__TRY IT__
After locating the line with "抹胸领口露出精致的锁骨和天鹅" in the data that follows, return it and every later line exactly, up to and including the line with "mały chłopiec z budynek cegieł".

__TASK INPUTS__
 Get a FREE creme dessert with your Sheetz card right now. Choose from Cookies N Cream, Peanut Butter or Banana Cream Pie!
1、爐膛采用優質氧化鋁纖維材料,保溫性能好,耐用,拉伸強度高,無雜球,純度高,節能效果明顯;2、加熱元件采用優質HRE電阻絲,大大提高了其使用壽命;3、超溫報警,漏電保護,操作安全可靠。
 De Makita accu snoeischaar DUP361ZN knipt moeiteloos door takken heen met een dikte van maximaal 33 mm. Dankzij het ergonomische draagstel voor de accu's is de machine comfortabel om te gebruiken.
--
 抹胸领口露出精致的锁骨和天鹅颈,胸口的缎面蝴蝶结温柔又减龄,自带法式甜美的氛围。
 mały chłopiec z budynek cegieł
---
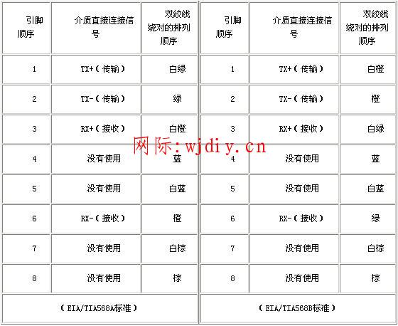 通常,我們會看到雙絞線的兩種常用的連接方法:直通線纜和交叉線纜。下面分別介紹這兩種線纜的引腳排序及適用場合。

__ANSWER FOR THIS EXERCISE__
 抹胸领口露出精致的锁骨和天鹅颈,胸口的缎面蝴蝶结温柔又减龄,自带法式甜美的氛围。
 mały chłopiec z budynek cegieł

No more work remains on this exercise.